Importantly, I Do Know Some Things is not self-pitying. Instead, it leans into absurdity and humor as a survival mechanism. Siken’s wit remains razor-sharp. The poems use surrealism to puncture reality’s veneer. Siken’s use of humor is a Trojan horse for delivering painful truths. These poems grin as they bleed. And unlike some of his contemporaries who retreat into the illustrious and performative, Siken always leaves the door open to genuine emotional risk.
Siken writes poems that embrace suffering like a Buddhist who drives a corvette. Live ascetically, fast, and free of the illusion of the self. “We are the stories we tell ourselves. I didn’t remember the story,” he writes in the poem “Doubt.” In forgetting, there is paradoxically a kind of freedom. If memory is unreliable, perhaps it can be rewritten. Or better yet, perhaps it doesn’t need to be. What matters is the capacity to question, to feel, to try again. These poems do not seek to recover the lost self—they seek to document the self as it reinvents itself in real time.
This refusal of closure is deeply modern. The poems resist definitive interpretations, leaning instead into an encompassing virtue about uncertainty, multiplicity, and contradiction. What matters is the motion forward, as “arrival is impossible,” Siken reminds us in the poem “Sentence.” Siken writes as someone who intimately understands that narrative, however fragmented, is our only way of navigating the chaos, as in the poem “Field,” which posits “So what are you doing? Ask yourself, seriously. Is this who you are? I didn’t like what I was remembering. You got some interesting clouds fucking up your sky tonight, amigo. There’s snow in my hair. My mouth is a dark line. This sweater has a zipper. The story becomes the field in which I become who I am. Who you are and who you think you are: They grind against each other.”
Siken does something rare in I Do Know Some Things––he restores significance to intimacy, to the personal, to the messy and mundane. These are not small concerns. They are the building blocks of a life. The prose poem, with its lack of line breaks and formal boundaries, mirrors this lived disarray. It is the perfect vessel for poems that sizably drift, veer, collide, and return— never quite in the same way.
I Do Know Some Things is Siken’s most mature, vulnerable, and daring work, although Crush dazzled with youthful urgency and War of the Foxes offered philosophical polish.
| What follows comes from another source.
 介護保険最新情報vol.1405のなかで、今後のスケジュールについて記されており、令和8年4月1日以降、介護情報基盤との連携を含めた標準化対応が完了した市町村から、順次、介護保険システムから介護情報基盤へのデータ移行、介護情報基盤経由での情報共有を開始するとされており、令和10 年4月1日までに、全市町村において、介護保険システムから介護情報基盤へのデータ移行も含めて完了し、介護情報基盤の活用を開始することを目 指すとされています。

This book could have easily been a salacious, discerning and best-selling memoir, but Siken does something more impressive and interesting by introducing a new way of being in language, using a collection that makes up its own constellations and is comfortable getting shipwrecked, admitting “I don’t know how to say it, so I’ll say something close.”
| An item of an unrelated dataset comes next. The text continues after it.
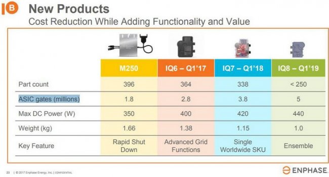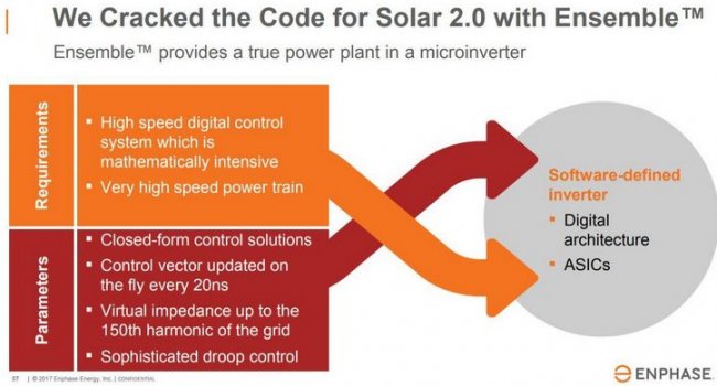 Enphase работает над уменьшением производственных расходов на микроинвертеры за счет улучшения конструкции технологии. В недавней презентации, микроинвертеры IQ6, отрекомендовали себя как умные, быстрые и энергопроизводительные. Но производитель планирует скоро выпустить на рынок свой последний преобразователь Ensemble, который будет меньше весить, включать в себя больше разъёмов ASIC и иметь увеличенную максимальную мощность. Технология будет доступна в 2019 году.

Siken, who once wrote with the velocity of desire, now writes with the depth of endurance. Rare is the book of poems where every entry finds the emotional core it seeks. I Do Know Some Things does just that, revealing what poetry can do when a poet is stripped of certainty. It is, without exaggeration, a book that will last and, more importantly, continue to mend, move, and astonish those who find it and, from the poem “Devonian Forest,” these words, “The beginning of a story—it isn’t the beginning, there’s always something that comes before. The first word in the Book of Genesis, in Hebrew, starts with B. It’s cautionary. It’s primordial. You have to be careful, things want to happen.”